If crossing over does occur within the inversion loops, not all the gametes will be viable; may result in a dicentric or acentric chromosome.

Translocation
Movement of a piece of one chromosome to another. Can also be reciprocal translocation - the ends of two nonhomologous chromosomes are translocated to each other.
Possible efects:
position effects, new linkage rearrangements

Duplication
gene dosage effects

B) Chromosomal rearrangements in humans

fragile-X syndrome, 1/1250 males, 1/2000 females. A region at the X-chromosome tip that looks like it is hanging by a thread and breaks off more easily. (fig 8.15 text). Increase in the number of CCG repeats in the FMR-1 gene. Normally 6-50, but increases to 230-2000 copies.

Cri-du-chat (46, XX or XY, 5p-).
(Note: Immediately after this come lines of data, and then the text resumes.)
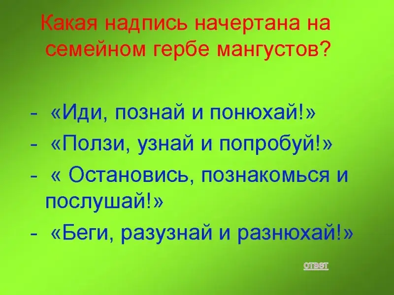 150 баллов: Какая надпись начертана на семейном гербе мангустов?
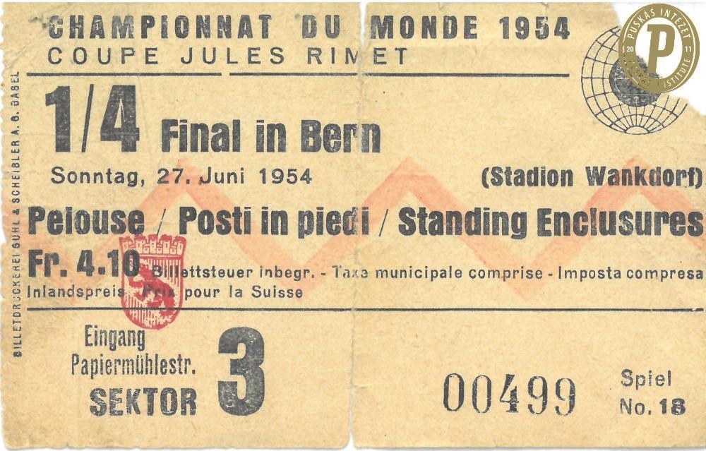 Belépőjegy az 1954. június 27-i Magyarország–Brazília vb-negyeddöntőre (fotó: Puskás Intézet/Lóránt)
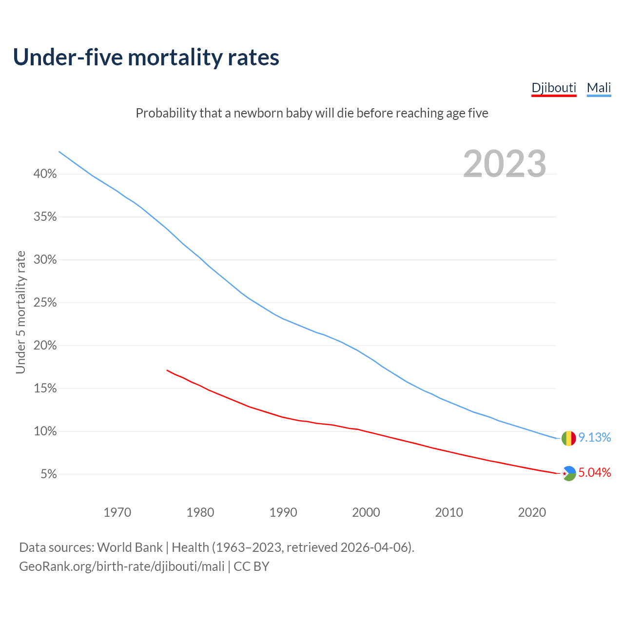The chance that a newborn baby will die before reaching age five is 5.04% in Djibouti and 9.13% in Mali. Above is a chart with historical data on under-five mortality rates.
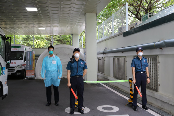 경기 부천시는 23일 순천향대학교부속 부천병원에서 민·관·경이 함께 참여하는 감염병 위기대응 모의훈련을 실시했다. 이번 훈련은 부천시보건소, 순천향대학교부속 부천병원, 부천원미경찰서가 합동으로 진행했다. 사진은 경찰관들이 환자 및 시민 통제 훈련을 진행하는 모습.(사진제공=부천시청)
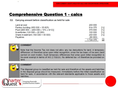 NON-CURRENT ASSETS HELD FOR SALE AND DISCONTINUED OPERATIONS Comprehensive Question 1 - calcs 72
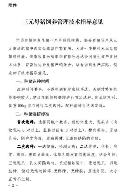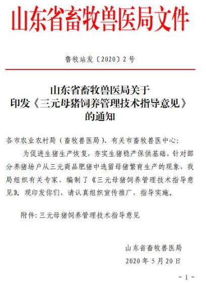 5月25日,為了促進(jìn)生豬生產(chǎn)恢復(fù),夯實(shí)生豬穩(wěn)產(chǎn)保供基礎(chǔ),山東省畜牧獸醫(yī)局編制了《三元母豬飼養(yǎng)管理技術(shù)指導(dǎo)意見》的通知。
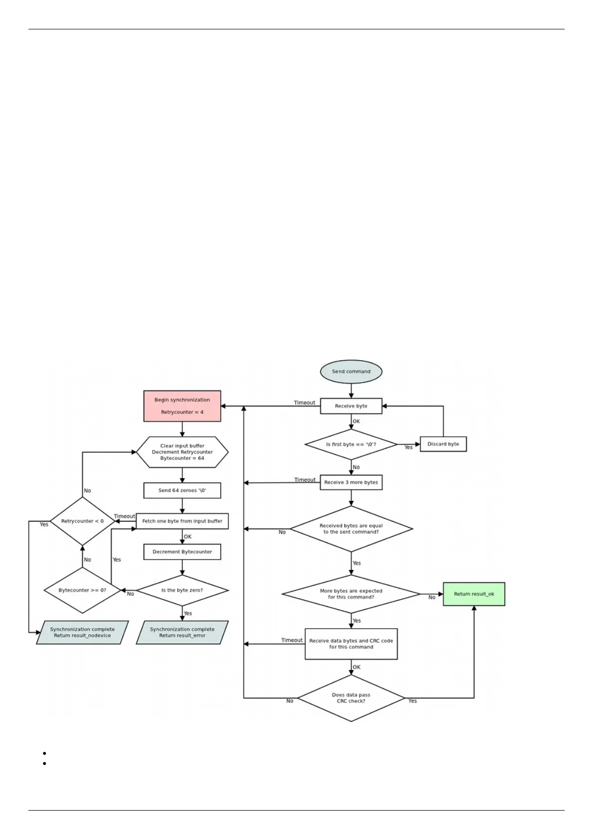 received bytes do not match the sent command identifier, then zero byte synchronization procedure is launched, command is
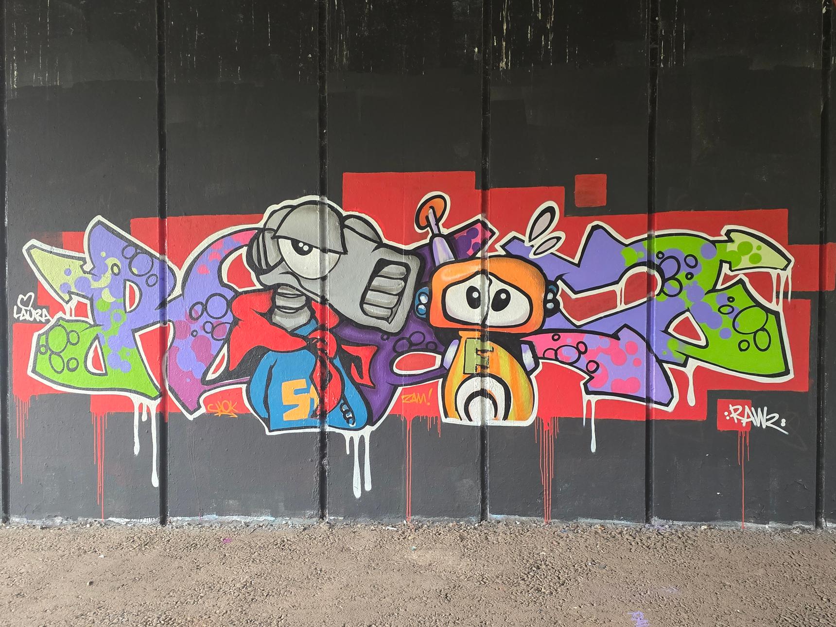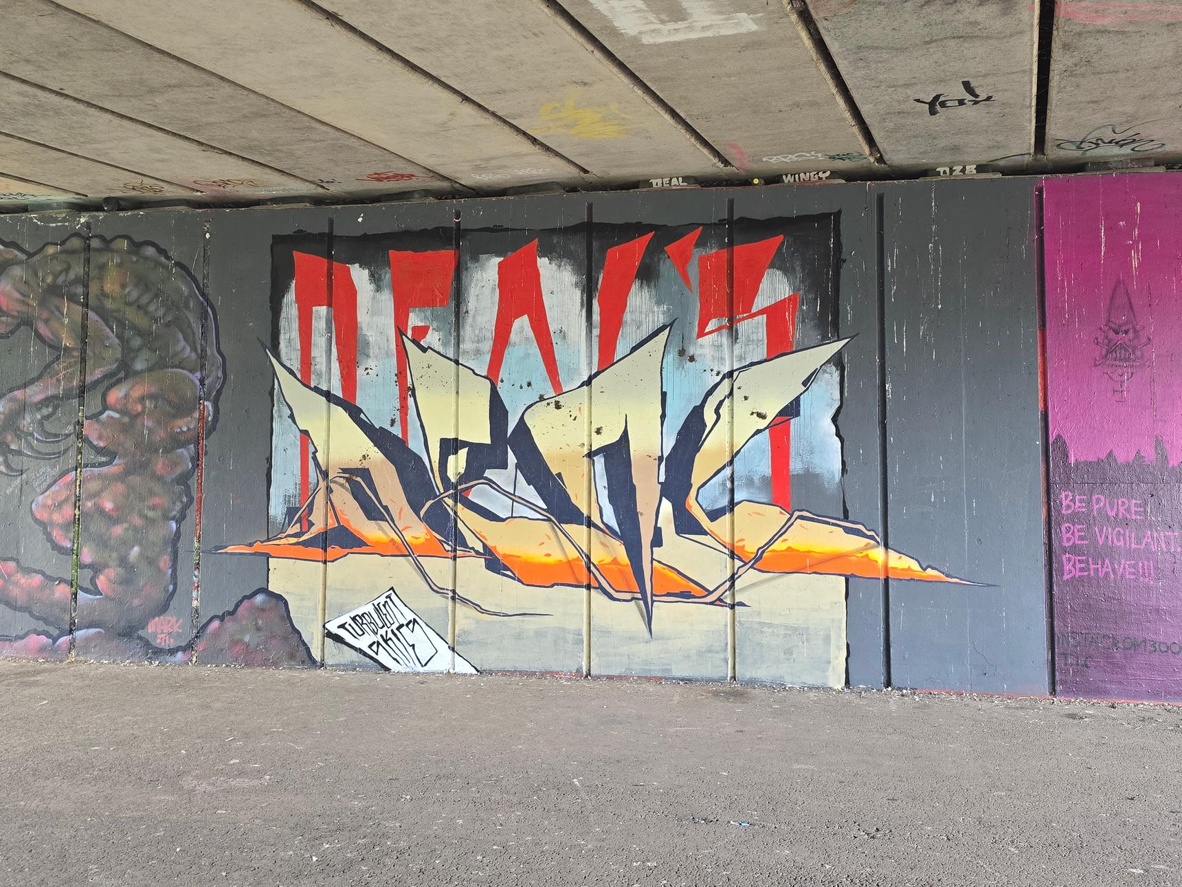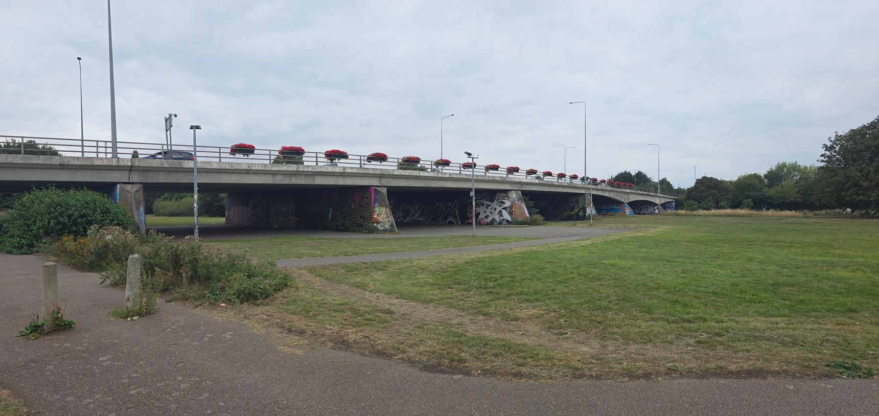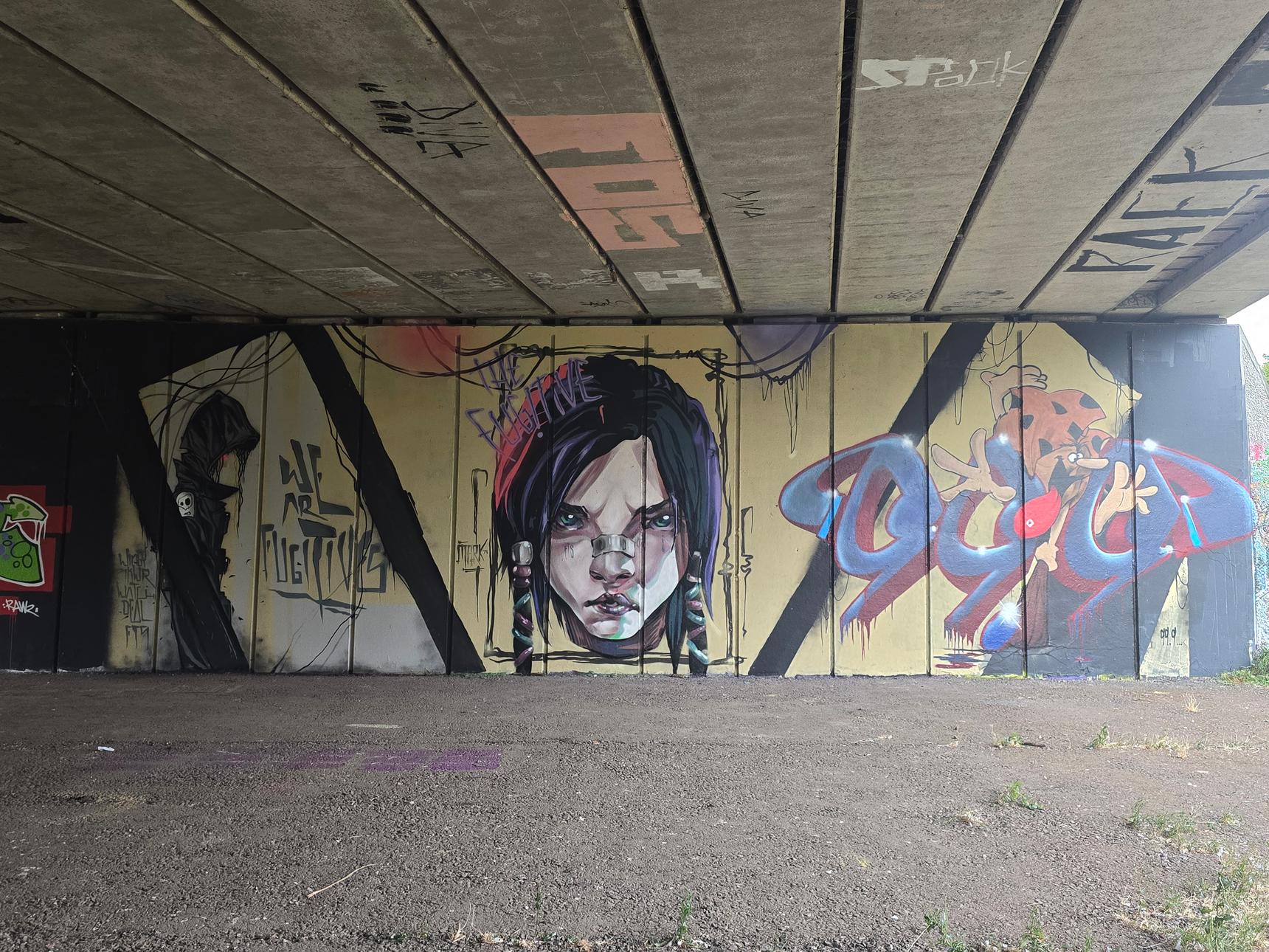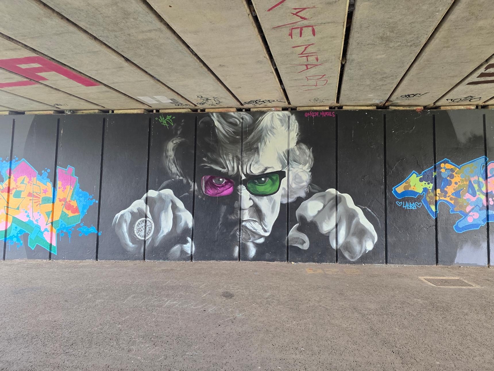 Located underneath Riverdrive (A51), this is a fantastic site for murals and street art. Parking is available nearby at the Snowdome and Namco. It is also a short walk from Tamworth Castle Grounds.
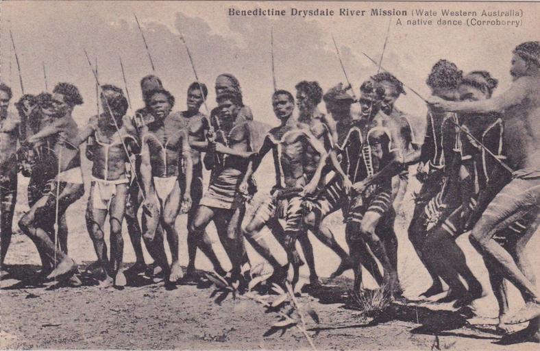 | Keywords: western australia westernaustralia aborigine native indigenous drysdale river mission drysdalerivermission benedictine vintage corroboree outdoor A corroboree is an event where Australian Aborigines interact with the Dreamtime through dance, music and costume. "Their bodies painted in different ways, and they wore various adornments, which were not used every day." The word corroboree was coined by the European settlers of Australia in imitation of an east coast local Aboriginal Australian word caribberie. (wikipedia) A corroboree is an event where Australian Aborigines interact with the Dreamtime through dance, music and costume. "Their bodies painted in different ways, and they wore various adornments, which were not used every day." The word corroboree was coined by the European settlers of Australia in imitation of an east coast local Aboriginal Australian word caribberie. (wikipedia) |

Deletion in "p" arm of chromosome 5 (Fig 8.16, text)

    C) Chromosome mutations and cancer
    Are mutations cause or result of cancer?
    Some types of tumors are consistently associated with specific chromosome mutations.
    Deletions, inversions, and translocations assoc. with specific cancers.

1. deletions - remove "tumor suppressor genes" that control the cell cycle.
2. inversions, translocations - may disrupt tumor suppressor genes. May cause fusion protein with altered regulation. May transfer a cancer-causing gene to a new location where it is activated by different regulatory sequences.

Philadelphia chromosome - shortened chromosome 22. 90% of patients with chronic myeloid leukemia. Reciprocal translocation between the long arm of chromosome 22 and the tip of the long arm of chromosome 9. Part of c-ABL from chromosome 9 is fused with the BCR gene from chromosome 22. Fusion protein much more active than the normal protein. Stimulates cell division.

Burkitt lymphoma - cancer of B lymphocyles. Recip translocation btwn a piece of chromosome 8 and chr. 2, 14, or 22 which carries genes for immune response. The c-MYC gene is now next to a gene for an immunoglobulin protein. c-MYC is expressed in the B cells and stimulates cell division.